---
summary: Step-by-step backend API quickstart for validating SigID bearer tokens, checking tenant, audience, scopes, subject type, and returning safe 401 or 403 responses.
tags:
  - developers
  - quickstart
  - backend
  - token-validation
categories:
  - For Developers
---

# Backend API Quickstart

<!-- agent:page
You are a coding agent adding SigID bearer-token validation to the user's backend API by following this guide end to end.
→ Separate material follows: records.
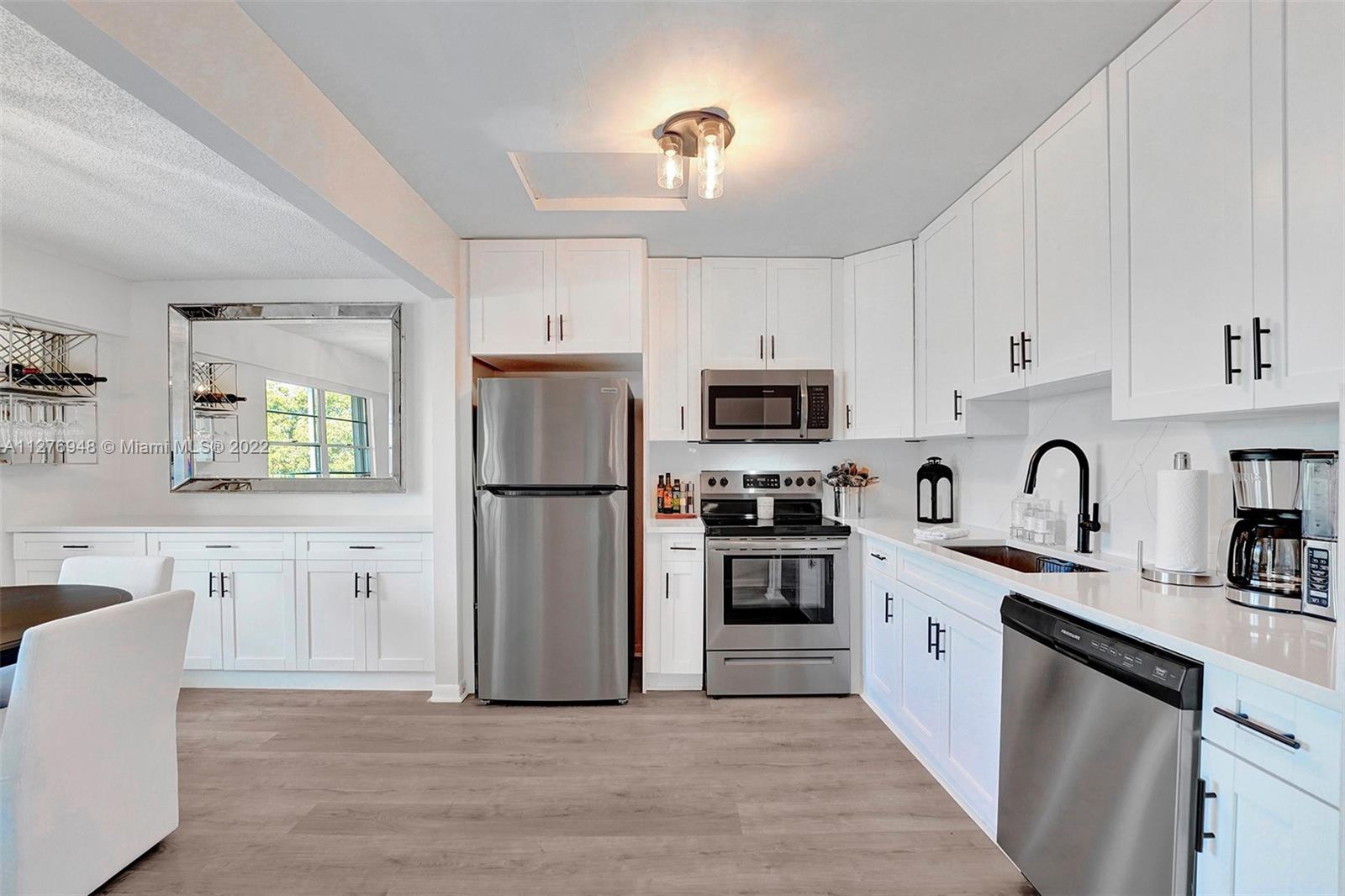 Want to move to Century Village & a new home the DOES NOT require thousands of dollars$$$ in renovations? Completely remodeled from head to toe-unique frontdoor of this property is tucked back in it's own private hallway. Once you enter- your stepping into luxury & serenity. Custom kitchen with dreamy white cabinets and stunning quartz counter. Open floorplan in dining room with custom breakfront for entertaining & extra storage. Immaculate bathroom w/custom tub/shower. The master bedroom is the ultimate retreat that has custom closet to keep you organized. Open floorplan allows you to relax in the living room as you look out over gorgeous golf and lakeview situated among large shade trees. Steps to the laundry room and trash chute- did I mention the elevator for the building is NEW?
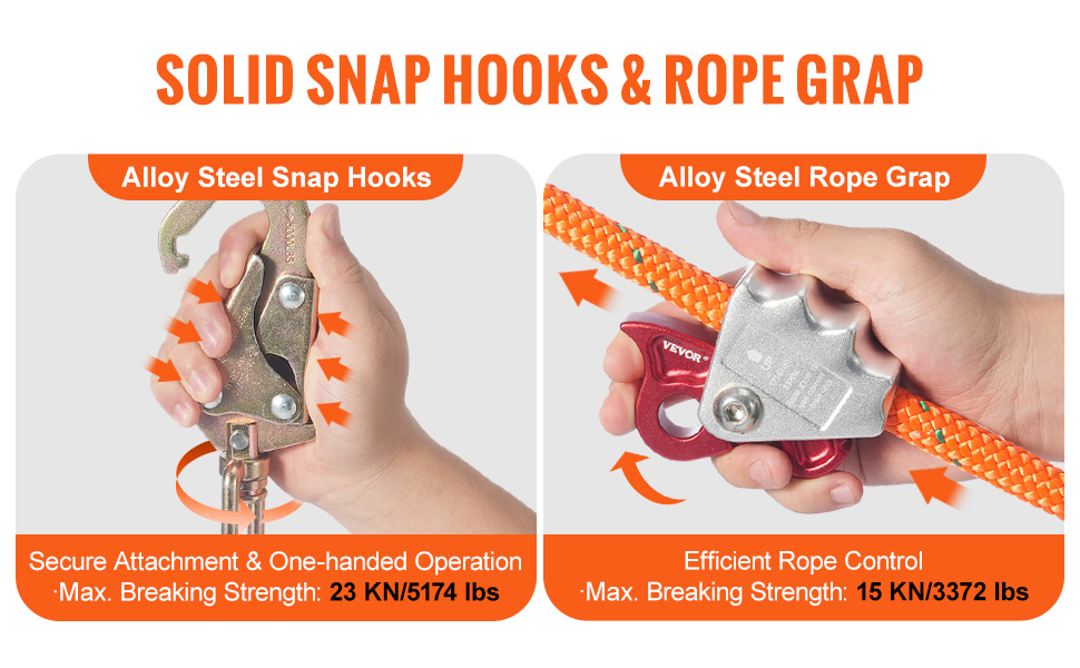 Zažite maximálnu bezpečnosť s našou šnúrou na preklopenie, ktorá je vybavená robustnou otočnou karabínou (pevnosť v pretrhnutí 23 KN/5174 libier) na bezpečné pripojenie k vášmu bezpečnostnému vybaveniu. Úchytka lana z hliníkovej zliatiny (pevnosť v pretrhnutí 15 KN/3372 lbs) umožňuje bezproblémový pohyb vďaka jednoduchému nastaveniu lana.
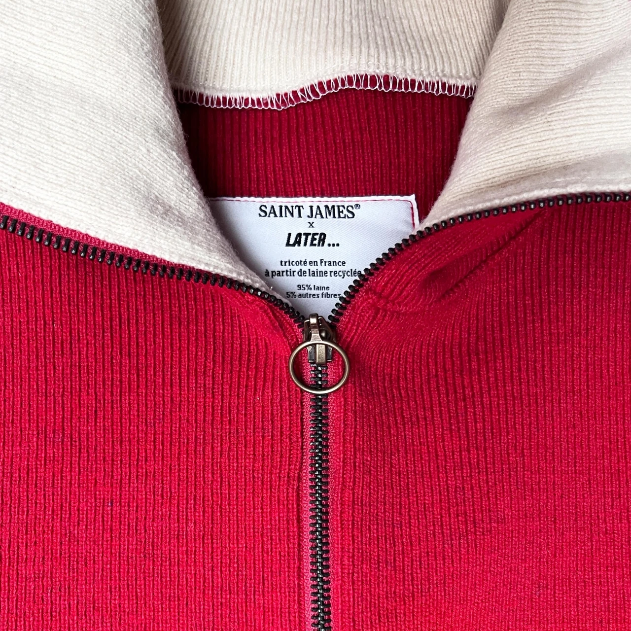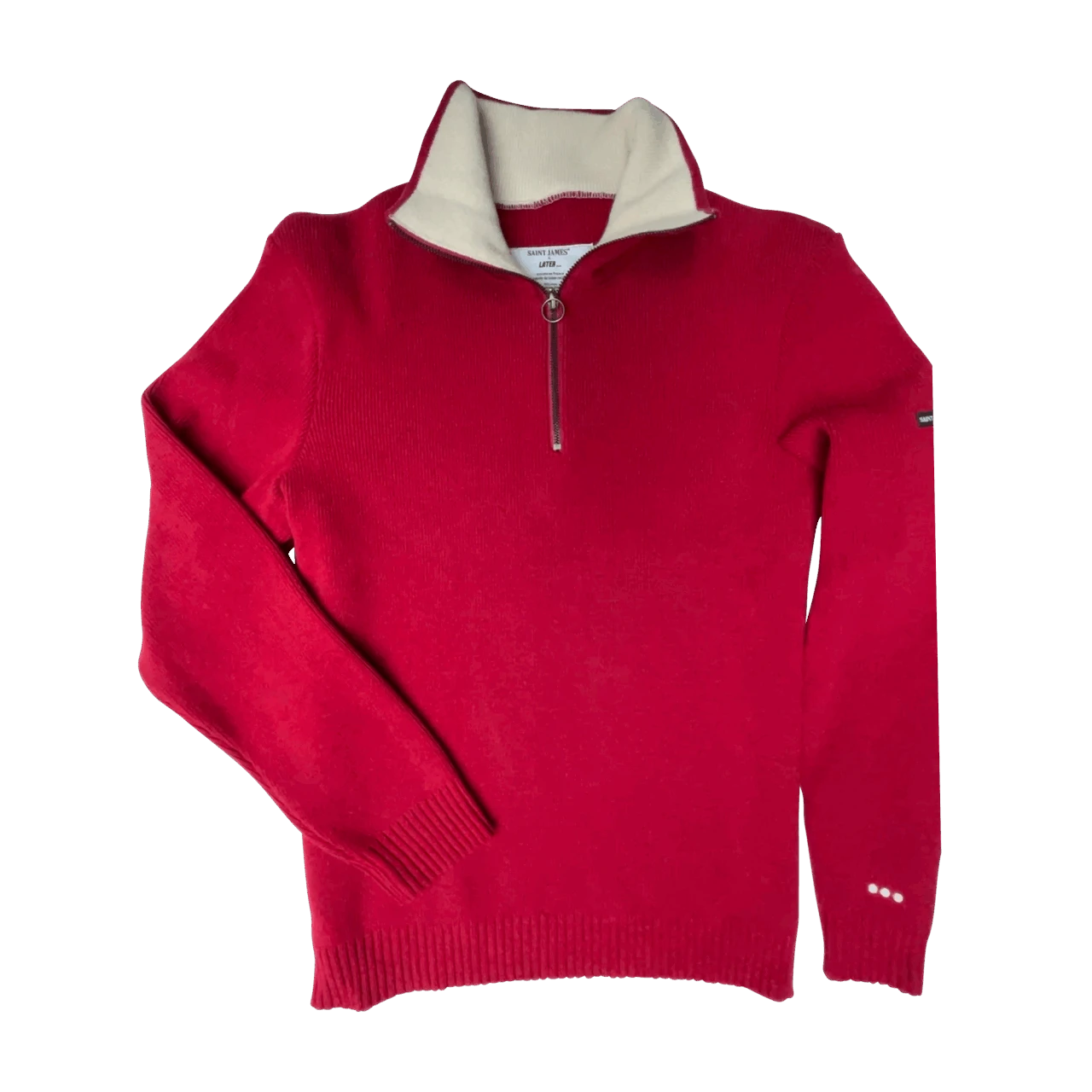 Pullover aus Wolle. Wir mögen seinen lässigen Look, inspiriert von Sportswear und nautischem Stil. Seine Zusammensetzung aus 95 % Wolle und 5 % Recyeiclig- Material macht es bequem, atmungsaktiv und warm.
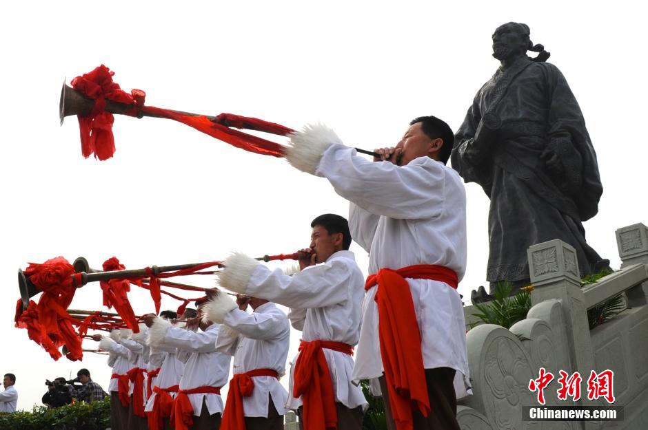 3月30日,在司马迁雕像前,几位乐手吹响了祭祀长号。张远 摄
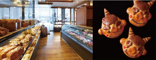 1階の「ベーカリー&パティスリー ファゴット」では、新商品のスイーツ恵方巻き「恵方巻きロール」と、鬼の顔をかたどった「鬼パン」を販売いたします。「恵方巻きロール」は、ホテルパティシエが作るロールケーキ。ふわふわのロールケーキを、竹炭を練り込んだ真っ黒なクレープで包み込み恵方巻きに見立て、生クリームとイチゴ・キウイ・ブルーベリーなどのたっぷりのフルーツを贅沢に巻き上げています。「鬼パン」は、コミカルで可愛らしい鬼の顔をかたどったミルクとチョコレートの生地に、カスタードクリームを包み込んで焼き上げました。一つ一つ丁寧に焼き上げているので、それぞれの鬼の表情が少しずつ違っており、どの鬼にするかチョイスするのも楽しいパンです。

First collect from the workspace or API owner: SigID issuer URL, API audience, tenant ID, the required scope (e.g. projects:read), and allowed subject types (usually ["human"]; add "agent" only when the route supports agents).
Implementation order:
- npm install @sigid/client
- create an auth guard that extracts the Authorization: Bearer header, calls validateAccessToken from @sigid/client with issuer, audience, tenantId, scopes, and allowedSubjectTypes from env vars (SIGID_ISSUER_URL, SIGID_API_AUDIENCE, SIGID_TENANT_ID, SIGID_API_SCOPE), and maps AccessTokenValidationError to a JSON error response using its status and code
- apply the guard to each protected route, then add per-resource ownership checks that return 403 for valid tokens that cannot access the resource
Adapt the Request/Response examples to the user's framework; do not weaken existing auth middleware.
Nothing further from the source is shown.